When it comes to concern for the wellbeing of the well-known, Keanu Reeves is in a class of his own. Last year, all it took was a picture of the 46-year-old sitting alone on a bench, morosely contemplating a sandwich, to go viral and suddenly a global Cheer Up Keanu Day had been mobilised (15 June, in case you missed it). Nobody knows quite how this happened, but somehow it could only happen to Reeves. Maybe it's his serene-to-the-point-of-stoned screen persona; but it's also, perhaps, the knowledge that Reeves has known, and transcended, genuine suffering in the course of his life absent parents, deaths of loved ones, and so forth.

So what does it mean now the actor has written his first book and called it Ode to Happiness? "I draw a hot sorrow bath," reads the first page. "In my despair room," reads the second. Each page wallows in increasingly absurd levels of self-pity, while the accompanying blotchy, black-ink drawings, by Los Angeles artist Alexandra Grant, look as if they've been blurred by tears. It culminates with an image of a bleeding black spot and the line: "It can always be worse." Before the UN intervenes with a Cheer Up Keanu relief effort, it should be noted that Reeves's slender literary debut is not entirely serious.

Nor is Reeves himself, as he explains the genesis of his book: "I was in my kitchen hanging out with my friend Janey, and the radio was on and this station was playing, like, an orgy of depressing, self-pitying, nostalgic music. You know: 'I'm so lonely and I've been left and my heart is broken.' It was so voluptuously horrible. And I just started to write on this piece of paper, because I had this image of, you know, that moment when you take that bath, you light that candle, and you're really just kind of depressed. And it was making Janey laugh so hard, I just kept going, piling on the self-pity."

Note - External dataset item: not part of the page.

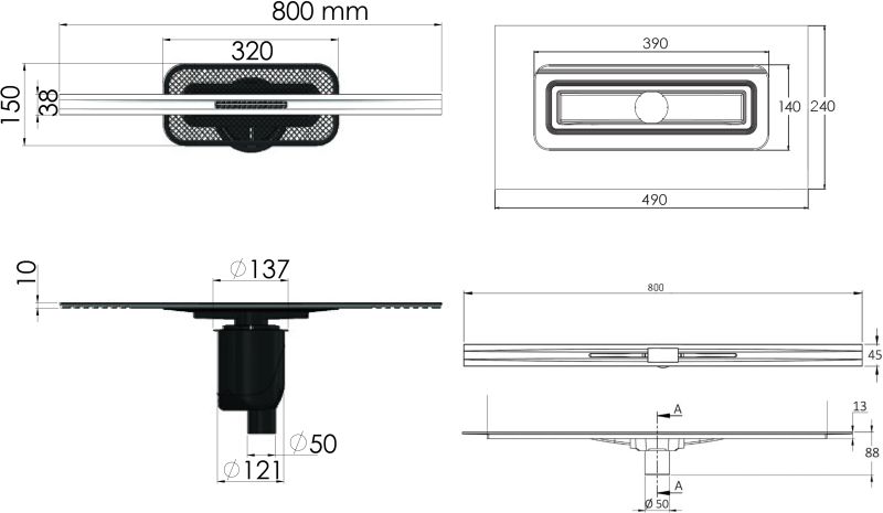 Душевой лоток Berges Wasserhaus Simpel 090012 80 Матовый хром – является надежным дренажным устройством в составе современной системы водоотведения. Страна изготовления – Германия, коллекция Simpel.Berges Wasserhaus Simpel 090012 80 Матовый хром выполнен в одном корпусе с гидрозатвором, благодаря чему достигается герметичность изделия и создается надежный барьер против запахов из системы канализации. Прямоугольную форму решетки сантехнического устройства Berges Wasserhaus можно удачно обыграть при установке устройства вдоль стен, рядом с перегородкой и т.д. Видимая часть конструкции изготовлена из полированной нержавеющей стали, которая отлично сочетается с другими элементами коллекции Simpel. Габаритные размеры изделия составляют 80.00х4.50 см при максимальной длине и ширине внешней части 80.0х4.5 см. Дренажное устройство производства Berges Wasserhaus имеет минимальную высоту – тем самым достигается простота установки путем встраивания в пол ванной. Конструкцией предусмотрен вертикальный выпуск сточных вод. Этим достигается высокая пропускная способность лотка Berges Wasserhaus Simpel 090012 80 Матовый хром и возможность монтажа в любом месте, независимо от схемы разводки канализационных труб. Пластик, из которого сделан патрубок и элементы слива дренажного устройства Berges Wasserhaus, не боится вредного воздействия влаги, бытовой химии, высокой температуры и прочих разрушающих факторов. Хром матовый цвет наружной решетки лотка Berges Wasserhaus прекрасно сочетается с другими элементами коллекции Simpel.

Reeves didn't set out to "write a book" with Grant. She was at his house in LA, at a birthday party he was throwing for their mutual friend Janey (Bergam, the book's editor). Bergam passed Reeves's words to Grant without his knowledge. Grant created the images and made them into a book, which she presented to Reeves, hidden inside the pages of a large, green 1970s travel book called The British Scene. "It was a surprise," says Grant, "and a private gift. We didn't make the book to publish it; it was meant to put a big smile on our faces and make everyone laugh. Then someone said, 'I want five copies', and that's when the lightbulb went on."

Reeves, Grant and Bergam contacted the German publisher Gerhard Steidl, and spent four days at his HQ in Gottingen producing the book in-house, as Steidl expects all his clients to do. So what started out as an in-joke is now, well, what? A very expensive piece of fan merchandise? A series of collectible art prints? A parody of a self-help book?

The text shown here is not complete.